What is being asked: Ignoring the pictures, copy the data exactly.

Records drawn from a dataset:
◇ ◇ ◇ ◇ ◇ ◇ ◇

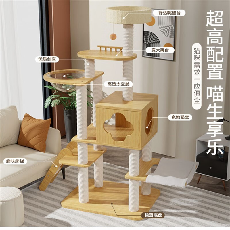 太空舱猫爬架猫窝猫树一体猫咪玩具别墅实木剑麻树干笼子猫抓板柱 旗舰款星空喵
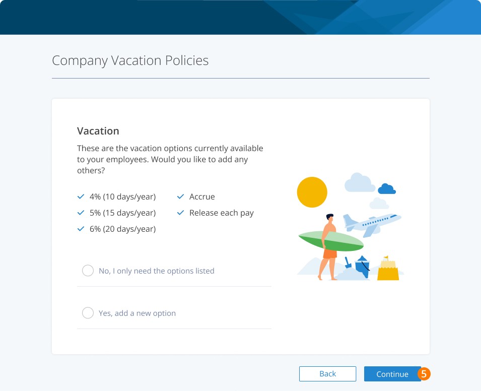 Step 5. Now, let's set your vacation policies. You can use the standard policies we've created or add your own.
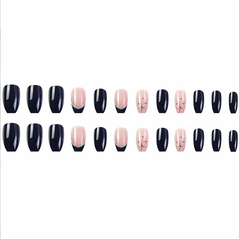 Foccna Coffin False Press on Nails Black Acrylic Fake Nails for Girl Full Cover Wear Finger Glossy Nail Bling Design Art Tips for Women and Girls 24 pcs
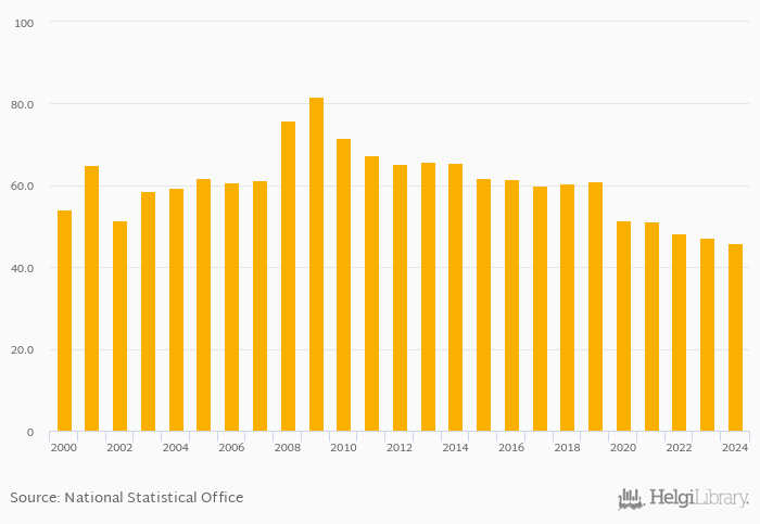 Bank liquid assets as a share of short-term liabilities fell 3.02% to 45.8% in Bosnia and Herzegovina in 2024, according to the National Central Bank.
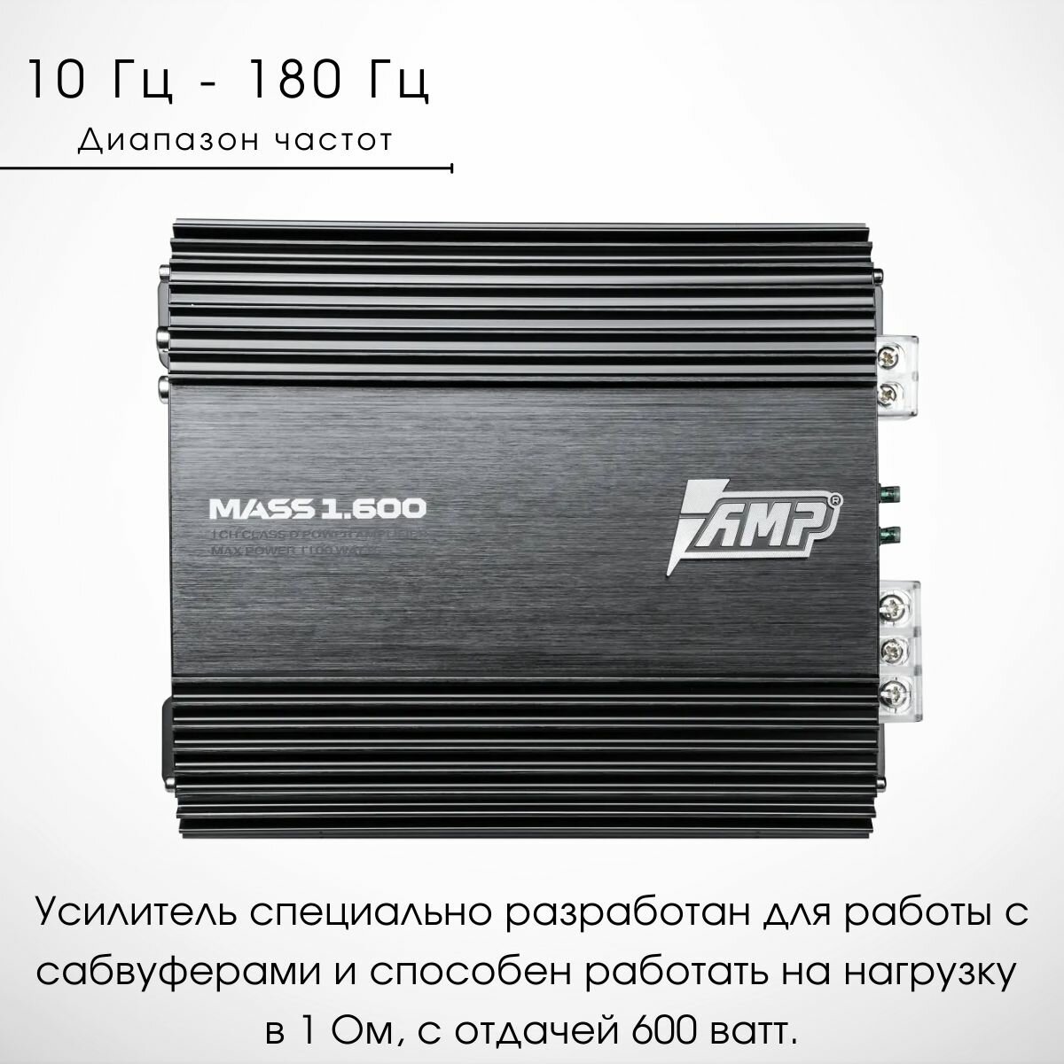 Усилитель автомобильный AMP MASS 1.600, 600 Вт х 1 (1 Ом), 1100 Вт, Класс: D интересное:
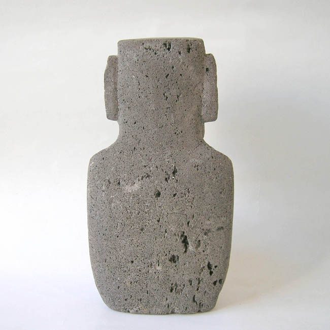 Figura decorativa antropomorfa elaborada en piedra volcánica. Se compone de una cabeza de forma subrectangular (nariz y frente prominentes), unida a un tronco alargado. No se registran brazos ni piernas.
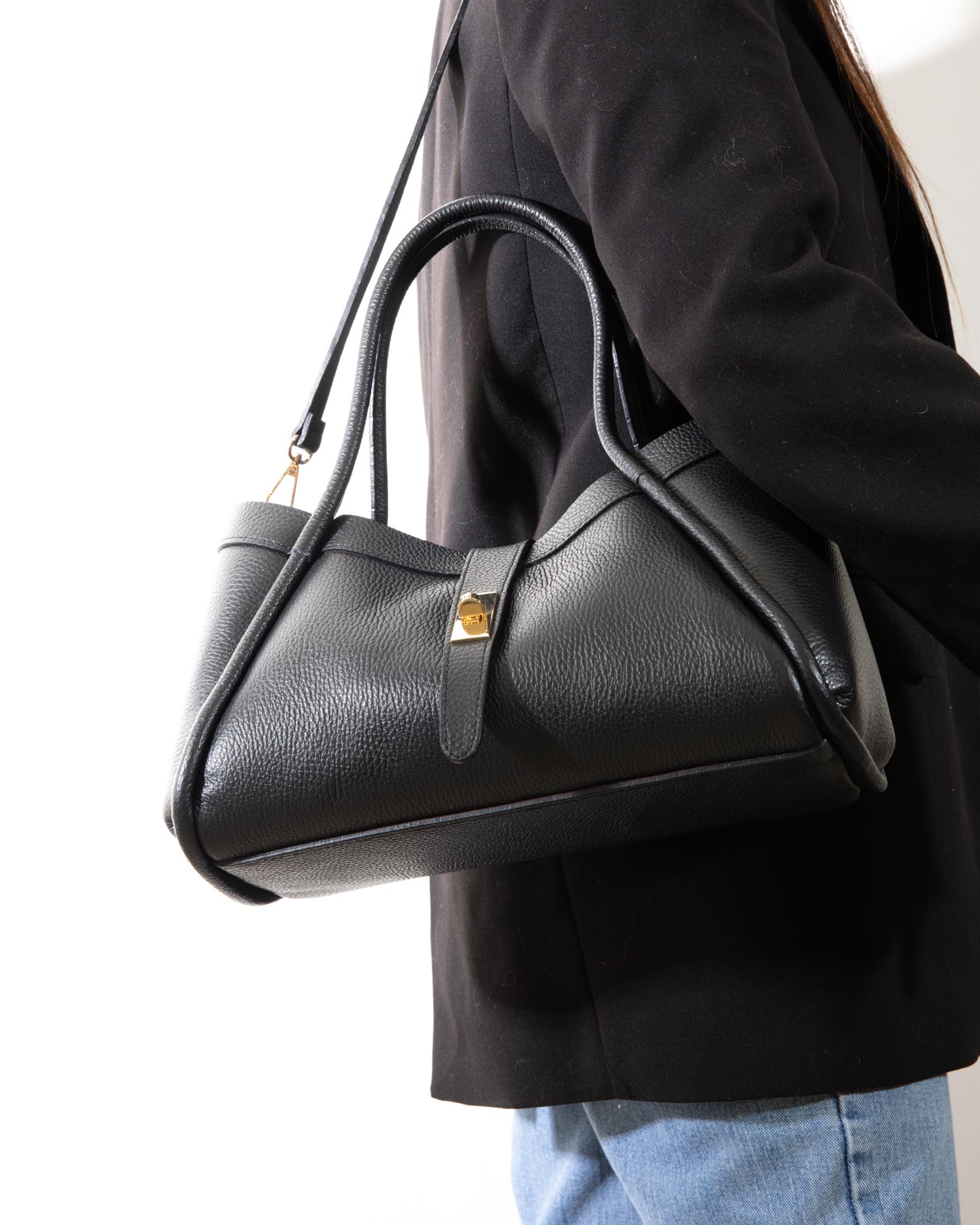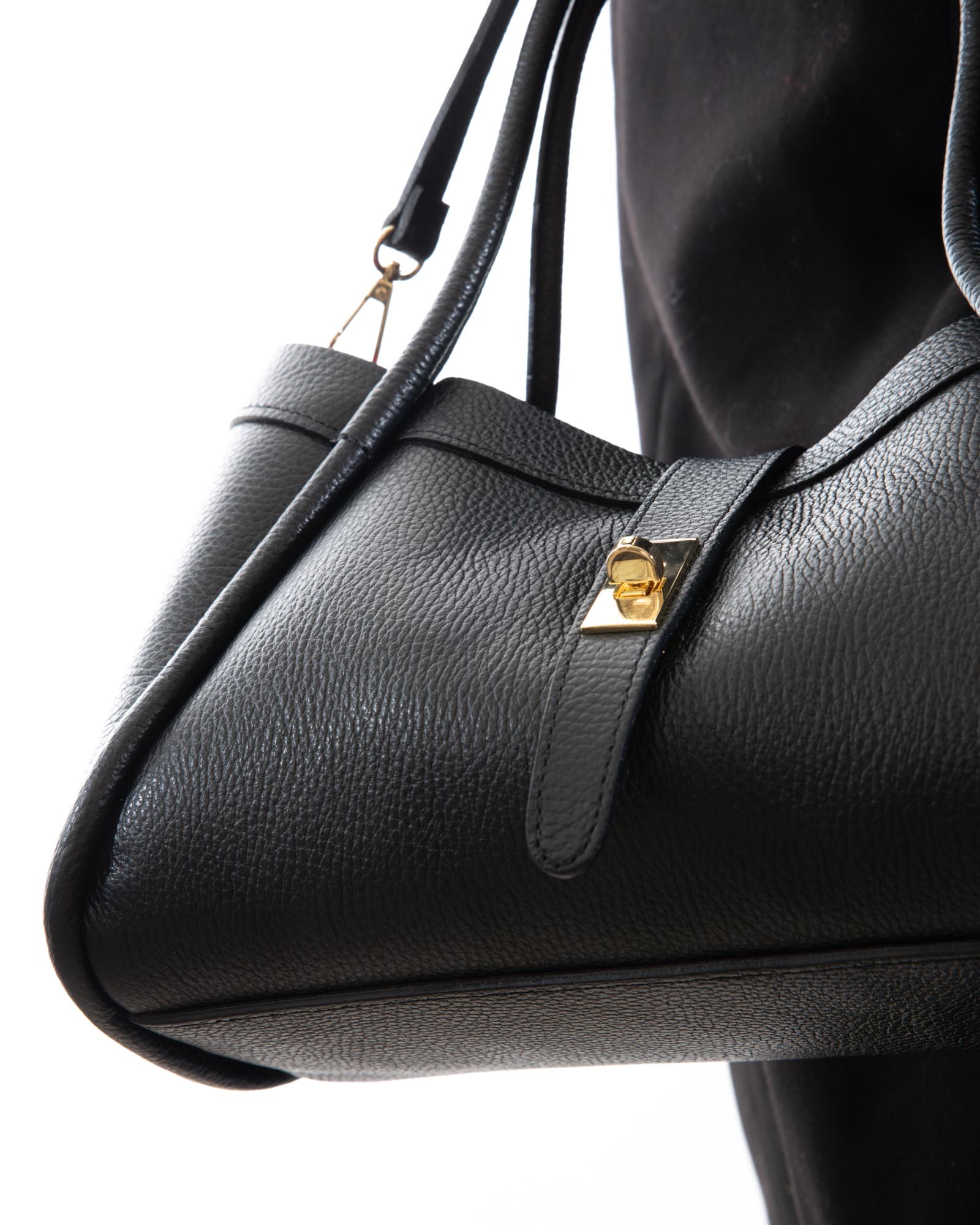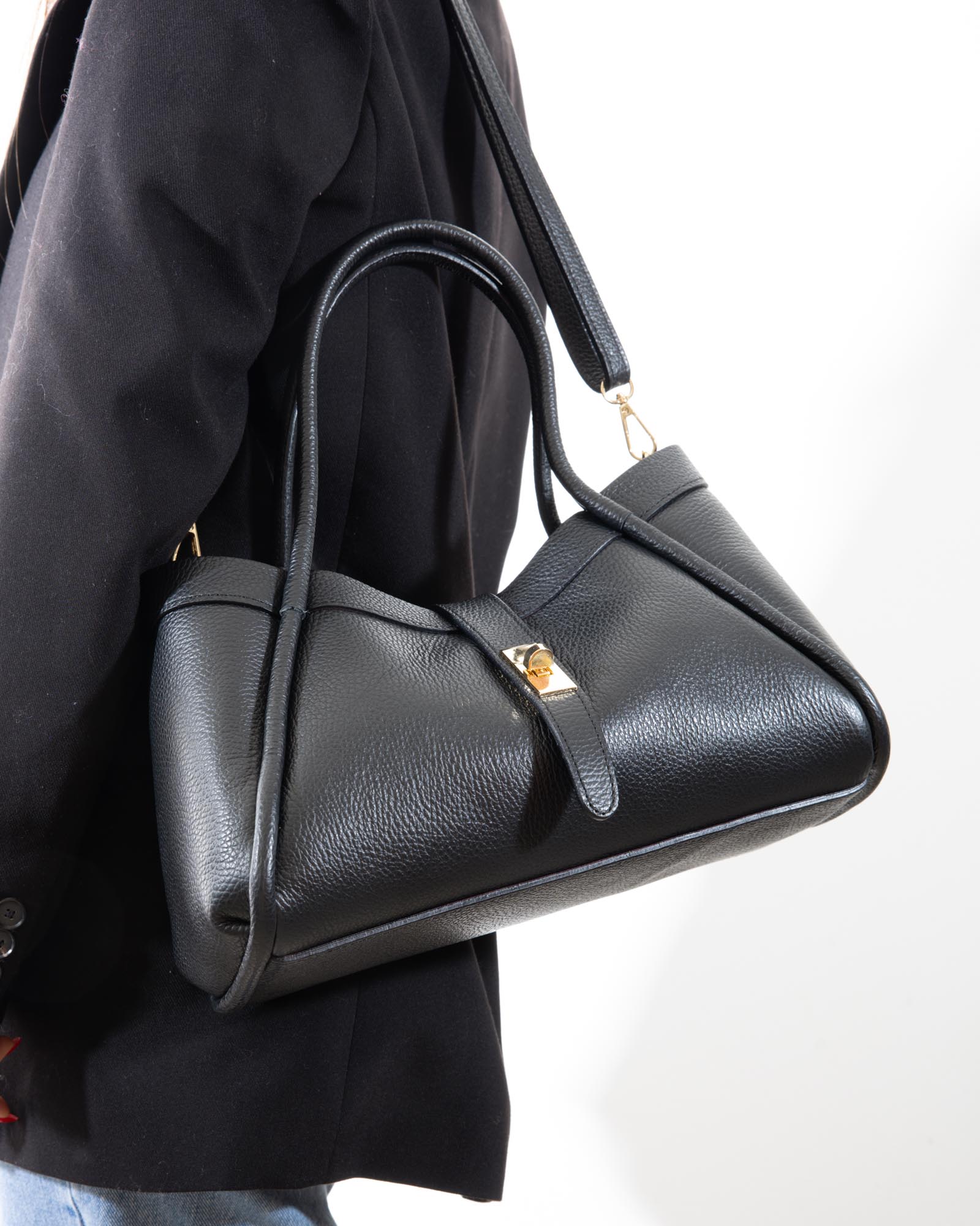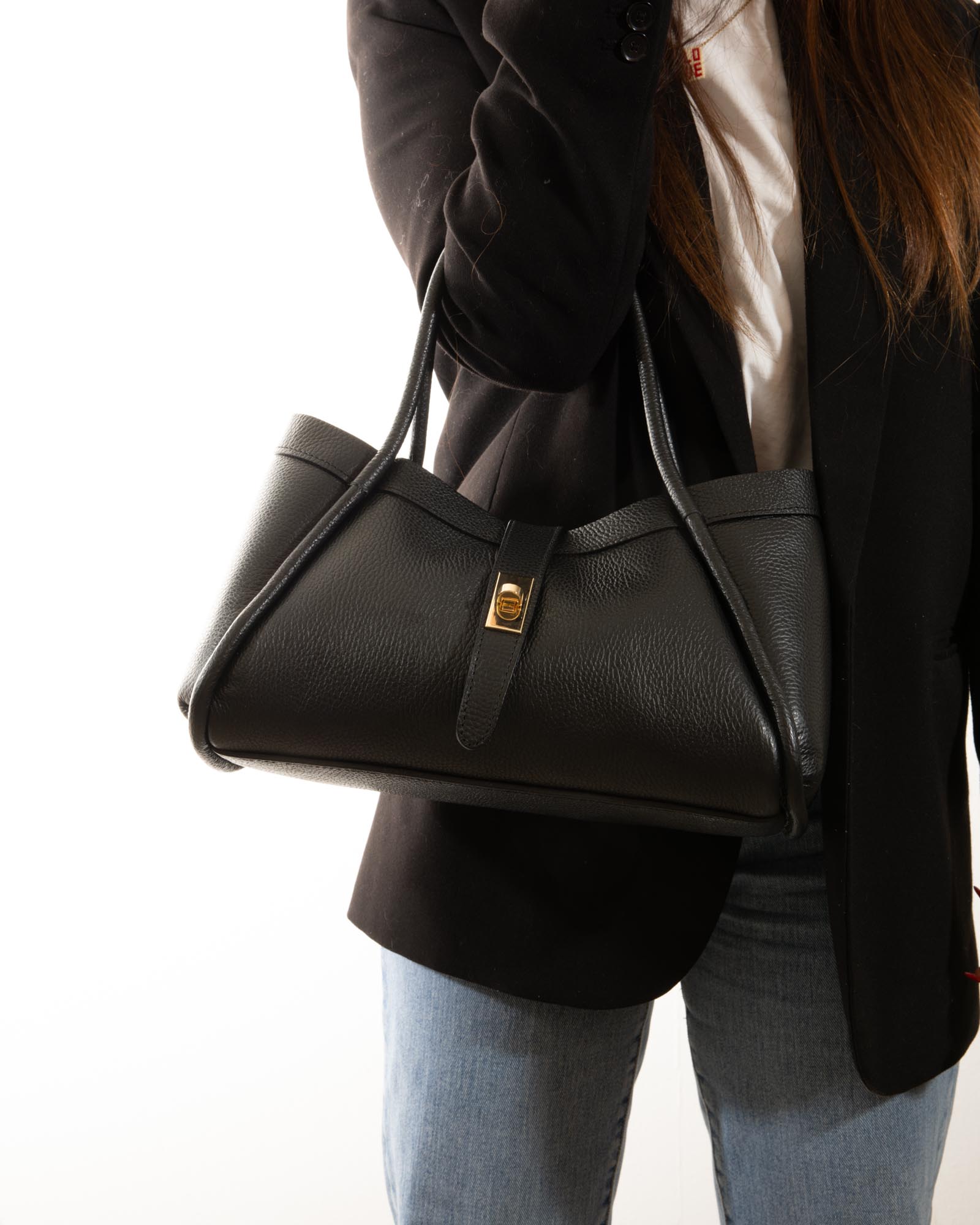 Sophisticated, spacious, and bold: the Miranda bag is the ultimate accessory for those seeking a blend of exterior poise and a vibrant soul. Crafted from premium black pebbled leather, it reveals its true personality through its bold red lining, creating a high-impact visual contrast.

◇ ◇ ◇ ◇ ◇ ◇ ◇

Task output:
 太空舱猫爬架猫窝猫树一体猫咪玩具别墅实木剑麻树干笼子猫抓板柱 旗舰款星空喵
 Step 5. Now, let's set your vacation policies. You can use the standard policies we've created or add your own.
 Foccna Coffin False Press on Nails Black Acrylic Fake Nails for Girl Full Cover Wear Finger Glossy Nail Bling Design Art Tips for Women and Girls 24 pcs
 Bank liquid assets as a share of short-term liabilities fell 3.02% to 45.8% in Bosnia and Herzegovina in 2024, according to the National Central Bank.
 Усилитель автомобильный AMP MASS 1.600, 600 Вт х 1 (1 Ом), 1100 Вт, Класс: D интересное:
 Figura decorativa antropomorfa elaborada en piedra volcánica. Se compone de una cabeza de forma subrectangular (nariz y frente prominentes), unida a un tronco alargado. No se registran brazos ni piernas.
 Sophisticated, spacious, and bold: the Miranda bag is the ultimate accessory for those seeking a blend of exterior poise and a vibrant soul. Crafted from premium black pebbled leather, it reveals its true personality through its bold red lining, creating a high-impact visual contrast.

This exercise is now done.